Qualities of a sustainability leader: 1) system thinking, 2) reflective and adaptive, 3) self-aware, empathetic and compassionate for the wellbeing of others, 4) creativity and innovation for change at scale.
I’m using this book in my undergraduate “Innovation for Sustainability” course this semester. I like the frameworks that it provides for thinking about sustainability and the considerable interdisciplinary research that it distills. The systems approach that it presents is helpful (and essential to understanding social-environmental systems), but the concepts are quite abstract and difficult for some undergrads to grasp. I enjoyed this for my own education, but probably won’t use it in my course for business undergrads again. It might be more suited to environmental studies or environmental policy students.
Den här boken är säkert inte så dålig egentligen men med tanke på varför jag läste den så är den värdelös smh. Hela boken är typ common sense, sånt här går man igenom i grundskolan?? Visst, det finns en del statistik men då kan man lika gärna kolla på Rosling och ha lite kul. Sen lyckades de ordbajsa HELA boken ?? Den hade kunnat vara typ hälften så kort. Men man fattar iaf vad som stod så good job I guess?
I love learning about sustainability and environmental work, but this book...it’s hard to read. I give it 2 stars because the information is good and the case studies are great but the layout and wording is so dry, it’s hard to keep reading. I had this as a book for a sustainability class for engineering, I remember now why I never finished it and barley looked at it.
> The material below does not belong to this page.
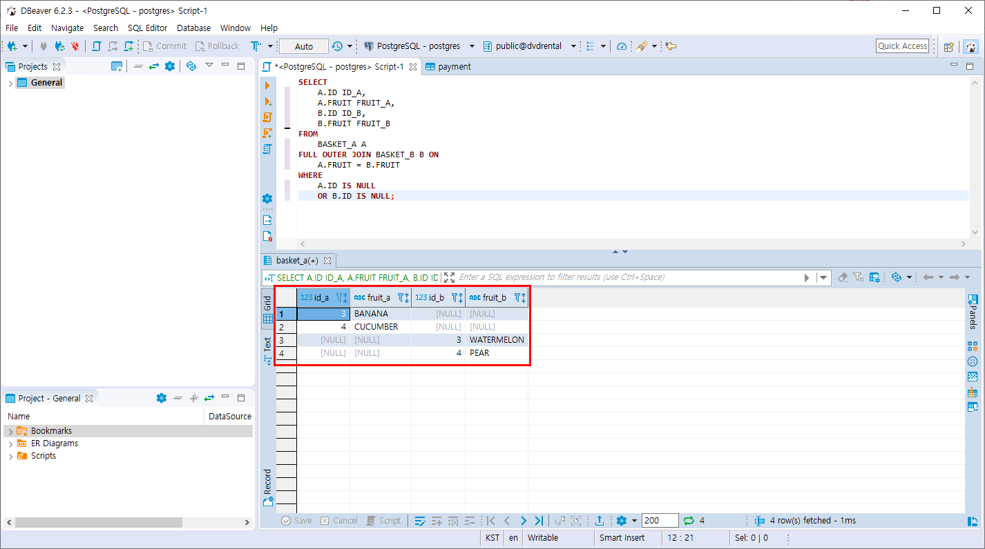 - A와 B의 테이블을 FRUIT 컬럼 기준으로 FULL OUTER 조인 합니다.

Meant to be a textbook, catching up on reading for next academic year. Overall I like this more analytical, harder economic edge to sustainability and the fact there are frameworks here for use going forward (an important aspect). And there are a few cases studies involving people I know, and I agree with the author's assessment, so that helps me accept the overall message. My biggest complaint is that it is still written too much like an academic paper, and could use some serious editing into something more readable. That would be a very useful book if it came out.